Posted on Oct 1 2013 - 10:35am by Adrian Diaconescu

By popular demand and hopefully presumably to the utter despair and hopelessness of Apple fanboys, we’re already back with another spectacular installment of our high-end smartphone benchmarking saga.

Galaxy_Note_3_vs_Xperia_Z1

Well, not so much “ours” as rounded up from a number of external sources, but you know how it is. Not everyone is important enough and not everyone is willing to do enough ass-kissing to score review units of the hottest, most technically impressive slabs of silicon out and about.

Also, money doesn’t grow on trees for us all, so buying the devices that are actually up for grabs and performing our own benchmarks is not an alternative either. Oh, well, maybe someday…

For the time being, let’s put those wicked analysis and summarization skills to use once again, as a new batch of benchmark results has popped up online. Sadly, I’ve not managed to find anything fresh on the Apple iPhone 5s front, which is not what I can say about Samsung’s Galaxy Note 3.

Still unavailable for sale in many markets across the globe, including the US of A, the GNote 3 has been put through an exhaustive series of tests by an old pal, YouTube user Mike of GadgetJM. So let us put the scores into further perspective by pitting them against those of the Sony Xperia Z1, LG G2 (some of which have been updated since our last look) and, where available, Apple’s iPhone 5s:

3DMark Unlimited – Ice Storm

Galaxy Note 3 – 19,000 points

Xperia Z1 – 17,200

LG G2 – 15,400

iPhone 5s – 14,000

galaxy-note-3-vs-iphone-5s

That Apple’s latest crown jewel is no competition for Android giants in this ultra-demanding high-performance GPU test shouldn’t come as a shocker for anyone anymore. What’s a little surprising (emphasis on “little”) is GNote 3’s jaw-dropping edge over the Z1 and G2.

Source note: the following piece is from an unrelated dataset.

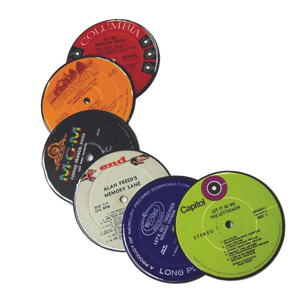 Vinylux record coasters are made from authentic vintage records and are available in themed sets of 6 mixed vintage titles. Each coaster is a timeless piece of vintage design! Coasters feature laminated record labels on both sides. They are water-resistant, and great for hot or cold drinks. All coasters come handsomely packaged in a paperboard display box.Â

And mind you, Z1’s score is not that of a pre-release unit, but a fully functional, fully optimized and fully commercial product. Meanwhile, it’s still mind-boggling how LG’s stupid controversial software tweaks affect the hardware to the point that it puts off each and every speed addict. Pick yourself up, LG! After all, you’re using the same exact CPU/GPU combo as Samsung and Sony, aren’t you?

Geekbench 3.0

Samsung Galaxy Note 3 – 2,900

Xperia Z1 – 2,800

iPhone 5s – 2,500

LG G2 – 2,200

Note 3 Geekbench

Seeing how aggressively Apple aficionados tech reviewers are flaunting this test around, making it seem like the Holy Grail of benchmarks, you’d think the iPhone 5s can at least fend off some of the competition. You know, the late 2013 competition, not the Galaxy S4 or HTC One many are comparing it against.

But alas (for them, not for us), the 5s doesn’t even play in the same league as the Note 3 or Z1. Sure, it beats the G2 to the punch, but do I really have to spell out for you who’s to blame for that?

Before moving on, a piece of advice for everyone tuning in: never, ever, ever trust one single benchmark, no matter how reliable it may seem and how impressive its “marketing” efforts. That said, the score is now Samsung 2 – Apple 0, even after a fight on Cupertino’s home turf. Chew on that, fanboys!

Quadrant

Galaxy Note 3 – 22,000

LG G2 – 21,700

Xperia Z1 – 20,700

galaxy-note-3-vs-lg-g2

After getting rid of the iPain in the ass (patent pending), which is systematically being tested only in a very specific handful of benchmarks (I wonder why), it’s time to become serious, stop with the jokes and puns and see which of Android’s beasts comes out on top as far as raw speed is concerned.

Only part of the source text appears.